The sequence of faces of mock suspects and nonsuspects was pseudorandomized, so the same sequence of pictures was presented to each participant. Participants were instructed to learn which face indicated a mock suspect and which face indicated a mock nonsuspect. They were asked to respond to a mock suspect face by pressing the space bar after face presentation and to withhold responses when a mock nonsuspect face was presented. Thus, faces that indicated a mock suspect required a go response, and faces that showed a mock nonsuspect required a no-go (i.e., withholding) response. We instructed go responses to mock suspect faces and no-go responses to mock nonsuspect faces, as this stimulus–response association is compatible with lineup presentations in person identification settings (Valentine & Davis, 2015). Each of the eight mock suspect faces and each of the eight mock nonsuspect faces were presented 21 times, resulting in a total of 168 trials, comprising mock suspect faces that required a go response and 168 trials of mock nonsuspect faces that required withholding a response. We have applied an equal number of go and no-go stimuli because participants performed a learning task. If one stimulus type had a lower probability than the other stimulus type, learning might be facilitated to the more frequently presented stimulus type. Therefore, a 50:50 ratio of go and no-go stimuli keeps the option to test whether the neural processes are of differential or equal intensity to go (mock suspect faces) versus no-go (mock nonsuspect faces) stimuli. Previous go/no-go tasks also applied go and no-go stimuli equiprobably (Huster, Enriquez-Geppert, Lavallee, Falkenstein, & Herrmann, 2013; Larson et al., 2014). However, these articles did not investigate learning tasks with go versus no-go stimuli. All instructions were presented on a 17-in. TFT screen. The face pictures were 340 pixels wide × 512 pixels high (2.88 cm wide × 4.33 cm high). All faces were centrally presented on the screen.

Before the task, participants listened to the description of a crime vignette via STIM earphones. The vignette is given in Supplement S1. This crime vignette was applied before task performance to place participants in the role of the mock police officers working on the murder case to disentangle mock suspects and nonsuspects. No further information about mock suspects versus nonsuspects was given in the task description. Thus, participants were asked to learn, by trial-and-error responses, which of the eight faces represented a predefined mock suspect, and which of the other eight faces represented no predefined mock suspect.
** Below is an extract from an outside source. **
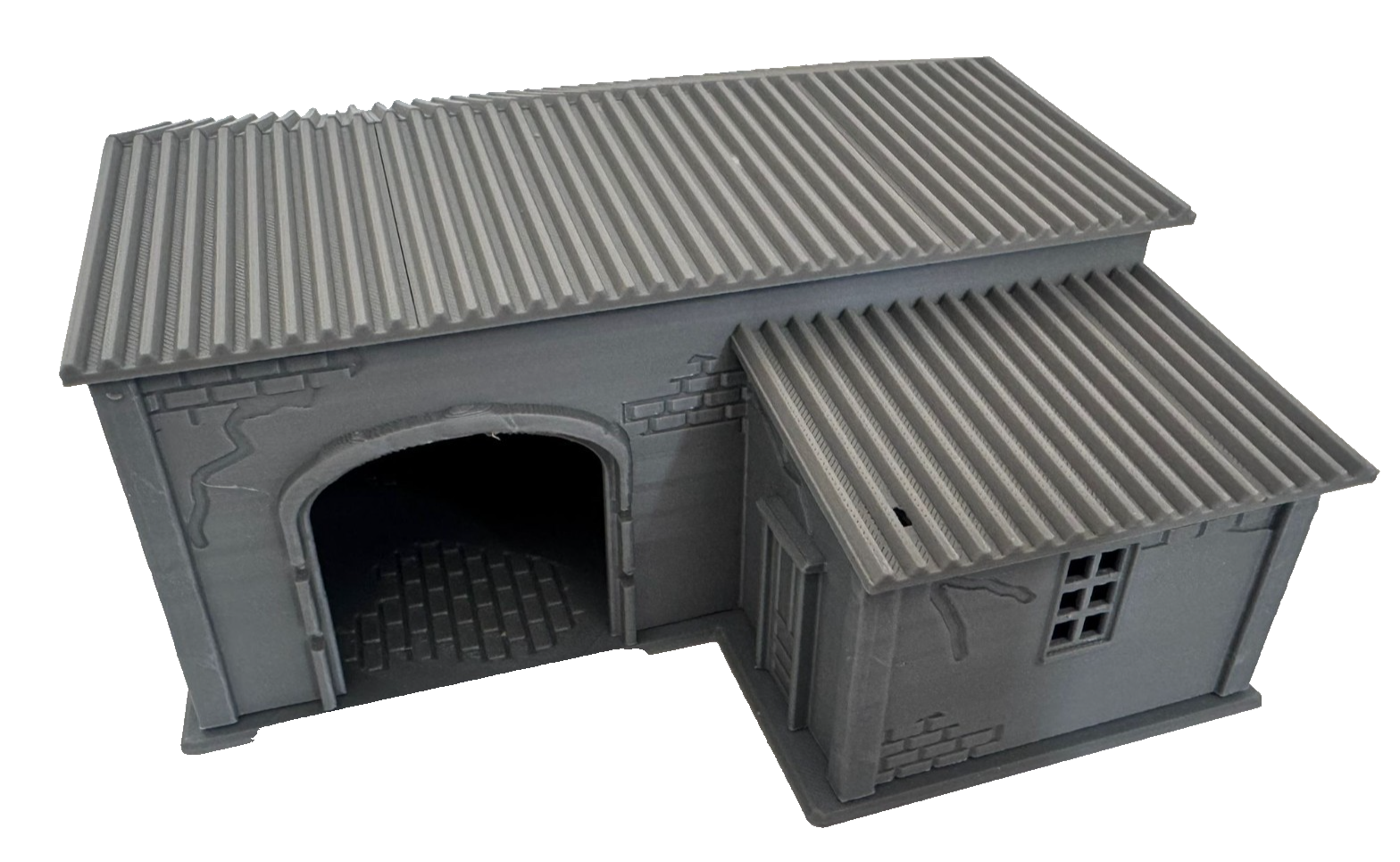 You are looking at a 28mm L Shaped Industrial Workshop style building, perfect for wargaming setups

Each trial started with a fixation cross that was presented in the center of the screen for 500 ms. Each face was presented for 700 ms. When the picture disappeared, participants could respond within 900 ms to indicate whether a face represented a mock suspect. The screen remained black during the response interval. After the response interval, a feedback was presented on the screen for 1,000 ms, depending on the picture type and the reaction. Similar to the postidentification feedback studied in a previous meta-analysis (Douglass & Steblay, 2006), and in one of our previous reinforcement learning studies (Nieden et al., 2020), we provided the following trial-by-trial feedback: Correct reactions to mock suspect faces resulted in a positive feedback (“Right, suspect”). The same was true for nonresponses to mock nonsuspect faces (“Right, no suspect”). Withholding reactions to mock suspect faces were associated with a negative feedback (“Wrong, suspect”). Erroneous responses to mock nonsuspect faces also resulted in negative feedback (“Wrong, no suspect”). The intertrial interval (ITI) varied between 500 and 1,000 ms. Performing the task took approximately 20 minutes. Figure 2 gives an example of the four trial sequences that occurred during the task.

Fig. 2
figure 2

Trial sequence for mock suspect faces (go stimulus) and mock nonsuspect faces (no-go stimulus) and corresponding responses.

Procedure

Participants were recruited through Facebook student groups and announcements on bulletin boards. The announcements included the following selection criteria: Participants should be right-handed. They should not suffer from neurological diseases (e.g., epilepsy) and be between 18 and 45 years of age. Everyone who was interested in taking part in this study was asked to choose his or her favored examination date in a doodle questionnaire. Participants received an e-mail including the date of the examination and further important information concerning the examination (e.g., sleeping as usual the day before participation, avoiding substance use of coffee, black tea, and medication the day before of the study).

Each participant was asked to bring a related person the day of the examination. (A related person was defined as a good friend, a family member, or a fellow student.) This procedure was chosen to ensure that half of the sample could be included in the observation condition. All participants received a reminder e-mail the day before the examination to minimize unexpected cancellations.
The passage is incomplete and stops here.